Юрий долгорукий
Шрифт:
На церковном соборе, где избирали Климента, отказались присутствовать епископы-греки: Нестор ростовский, Кузьма полоцкий, Мануил смоленский и Нифонт новгородский. Не дотянувшись к первым троим, князь Изяслав сумел зато захватить Нифонта, которого выдал ему в Новгороде сын, и посадить непокорного епископа в поруб в Киеве. Нифонт и до сих пор ещё гнил где-то в смердючей яме, а митрополит, в золотых одеяниях, средь торжественного пения, тем временем принимал хвалу и славу. Недаром же в послании к смоленскому пресвитеру Фоме напишет он, что "славы и власти жаждут не одни лишь миряне, но и монахи. Жажда её преследует нас до могилы".
После молебствия за церковной оградой князей ждали отроки с конями, бояр - их служки, для иереев приготовлены были сани, устланные коврами, ибо негоже было бы видеть почтенных святых отцов утопающими в сугробах.
Но вся торжественность была начисто испорчена, сведена
Это были киевские нищие: калеки, юродивые, немощные, голодные, попрошайки, с неизлечимыми язвами, в грязи, в смраде, в лохмотьях; появились невесть откуда, заполнили весь простор перед церковью, лезли друг перед другом, топтали безногих, оттесняли безруких, забивали пронзительными криками безголосых, были тут слепые и глухие, заики от рождения и искалеченные боярской жестокостью, были старые и малые, мужчины и женщины, светили голыми телами, посиневшими от мороза, почерневшими от голода и холода; всё это кричало, плакало, голосило, умоляло, канючило, угрожало, проклинало; казалось, всё горе, все несчастья и беды мира сбились вот здесь, перед бронзовыми вратами пышного храма.

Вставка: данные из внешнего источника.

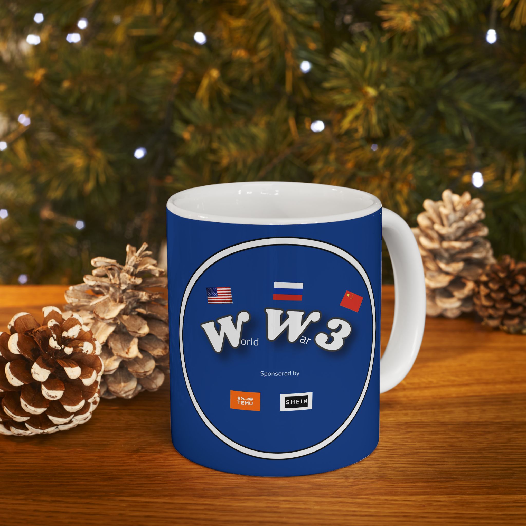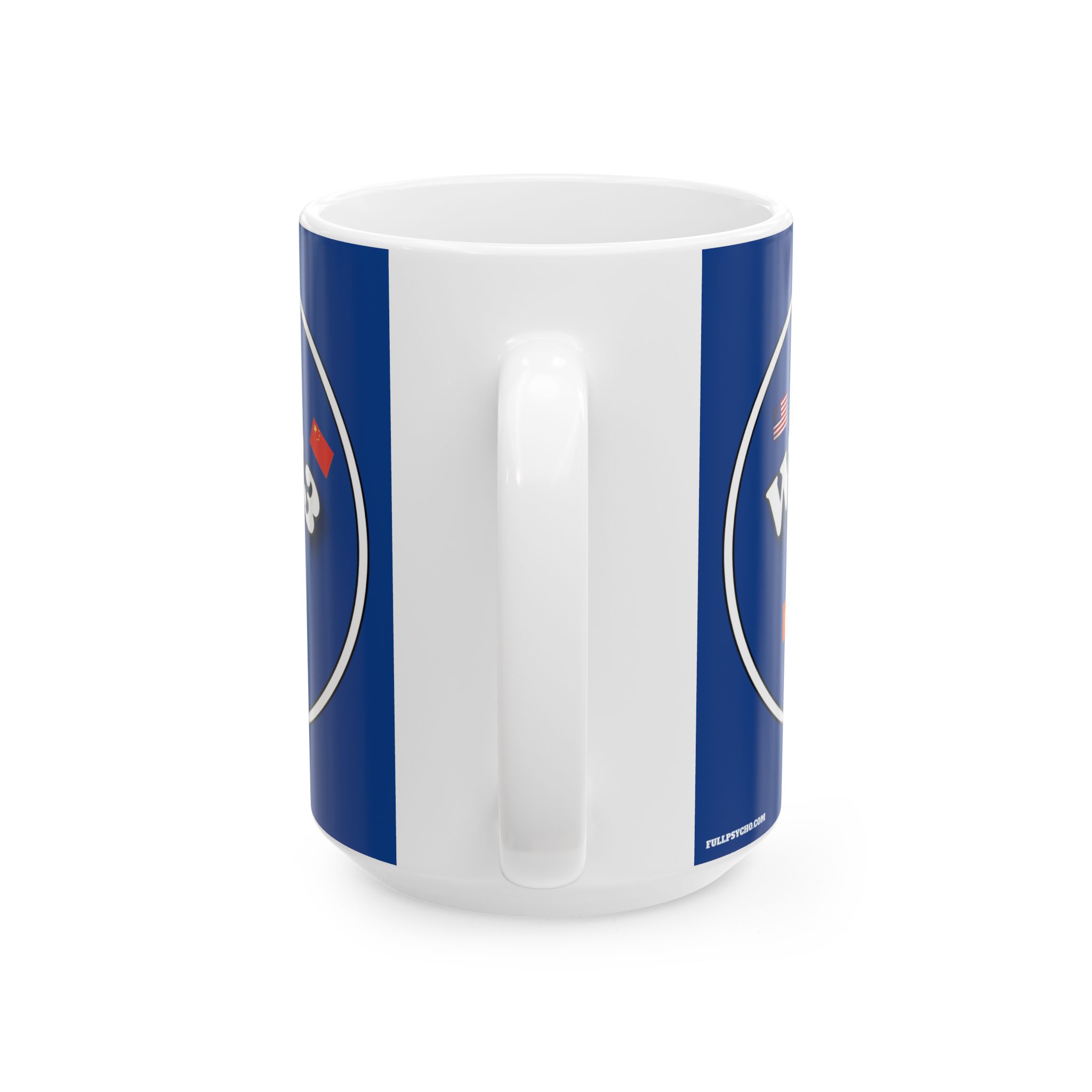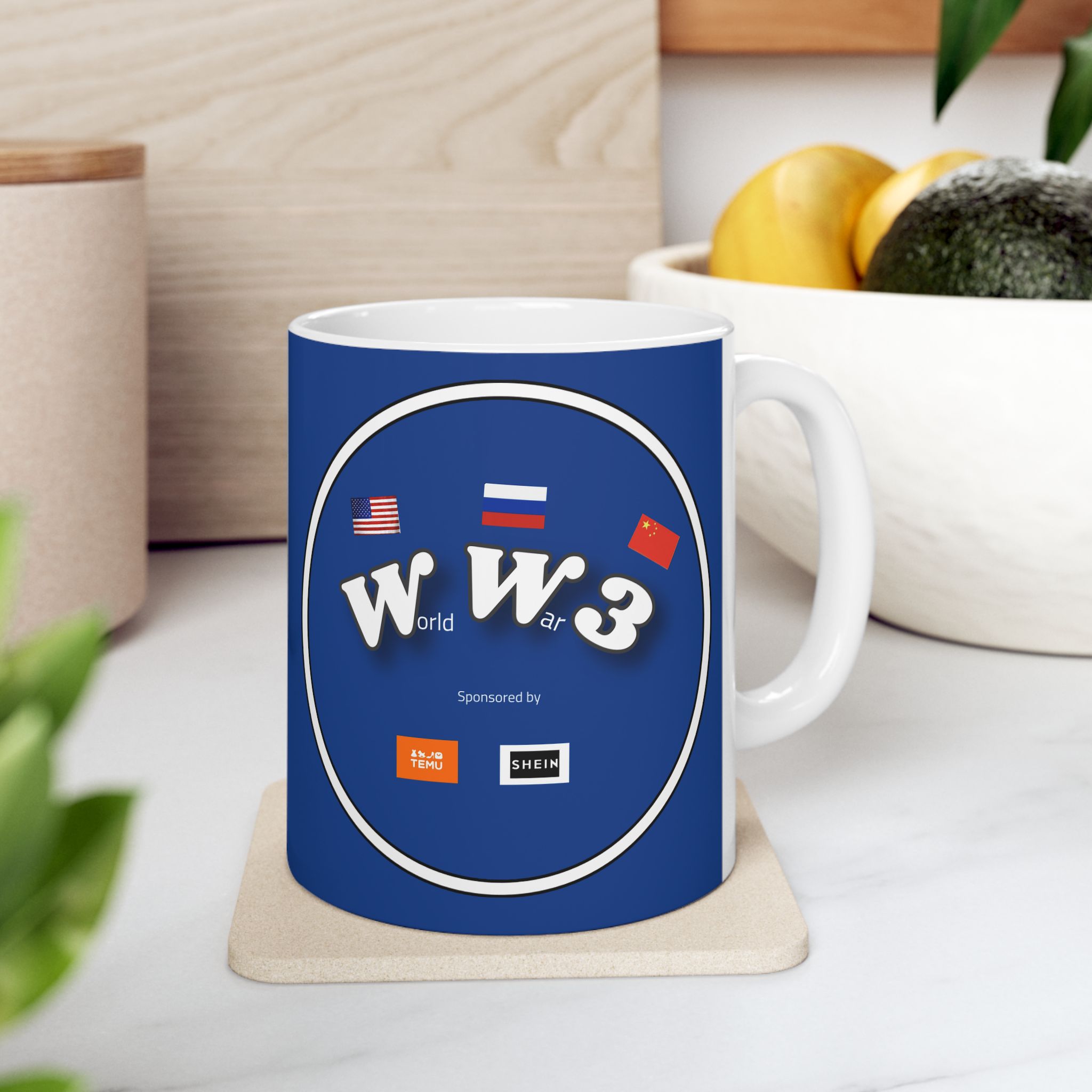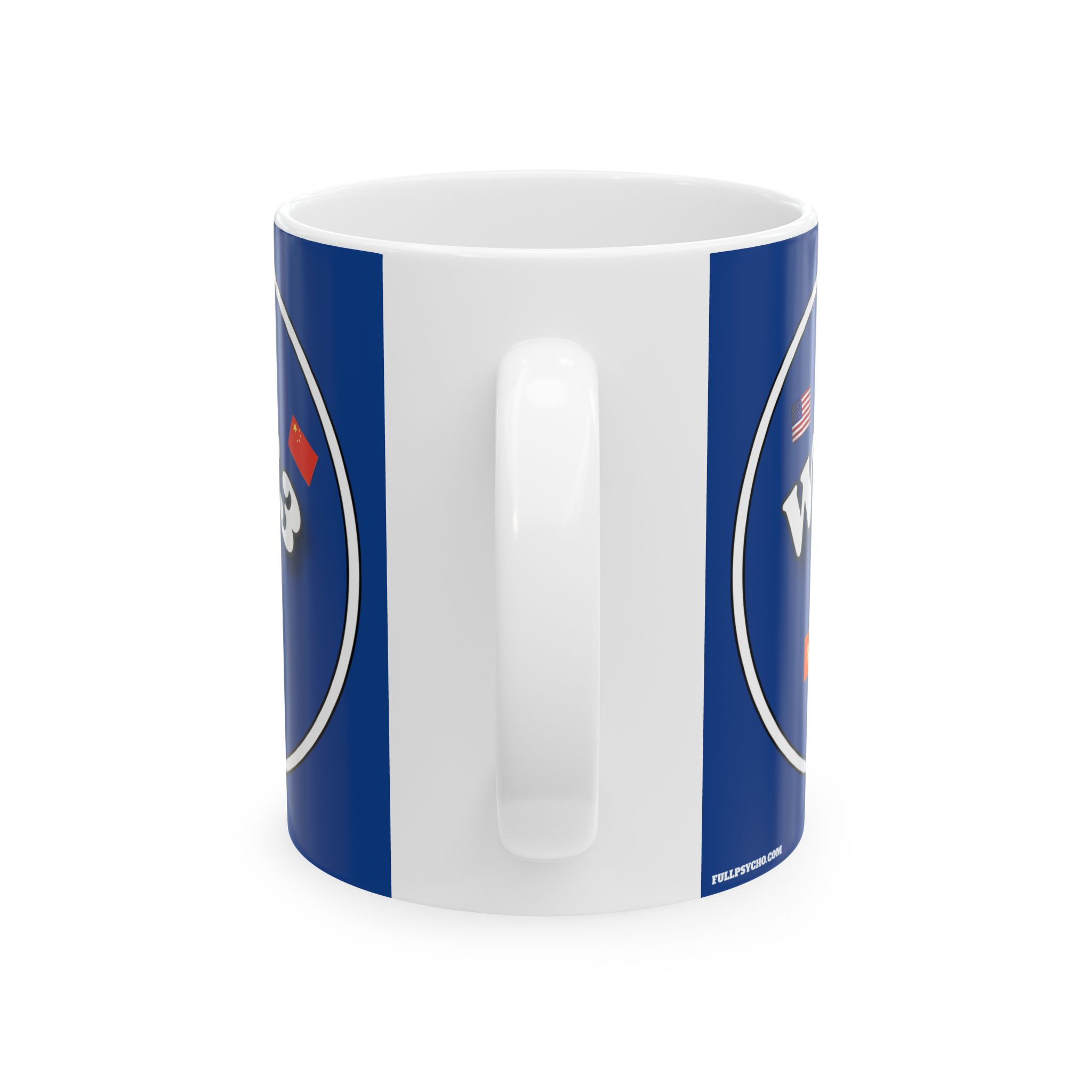 The Full Psycho World War 3 sponsored by Temu and Shein is BPA and Lead-free, microwave & dishwasher-safe, and made of white, durable ceramic in 11-ounce and 15-ounce sizes.

"…благодеяние прародительское…"
Где они жили, эти несчастные люди, в каких уголках и щелях прятались от безжалостной ночной стражи, откуда брались? Не от самых ли первых князей, прославленных за величие духа, за мудрость, удачливость, за щедрость и богатство их пиршеств, на которые созывали чуть ли не всех киевлян многократно в течение года, забывая о том, что год имеет в себе дней не несколько, а триста и шестьдесят пять, и человек, чтобы жить, должен иметь кусок хлеба на каждый день? Или же разрослось нищенство киевское при скупом Святополке, который сам торговал и хлебом и солью, грабя не только простых людей, но даже монастыри и бояр, не прощающих такого не то что князю - господу богу? Тяжкое наследие оставил после себя Всеволод. Изяслав же за эти два лета своего властвования, разоряя и сжигая сёла и города, ещё больше увеличил число обездоленных, обнищавших. И вот собрались они сюда, в Киев, видимо, отовсюду, где проходили с огнём и мечом дружины и полки Изяслава; плакали, скулили, рыдали, ревели: "Хлебушка! Есть! Подайте! Дайте! Отдайте!"
Натисками и криками нищих был обескуражен даже Войтишич, которого трудно было чем-либо удивить на этом свете, достойном, как он полагал, лишь одного: проклятья. Зато князь Ростислав и тут не уронил своего достоинства, величественно взмахнул кому-то рукой, и сквозь толпу, сквозь страшную давку вдруг пробилось к нему несколько суздальцев, остановились возле своего князя, держа в руках кожаный мех. Ростислав с величественным спокойствием, не глядя, запустил туда руку, что-то там взял в горсть и метнул в толпу.
В прозрачном воздухе в лучах солнца сверкнули маленькие кружочки, упали прямо в вопящую толпу нищих, а следом за ними, давя друг друга, дерясь, кусаясь, огрызаясь, потянулась вся нищета, хотя ещё никто и не знал, что это летит из руки дающего, не догадываясь и не веря, чтобы бросали им так щедро золотой и серебряный пенязь.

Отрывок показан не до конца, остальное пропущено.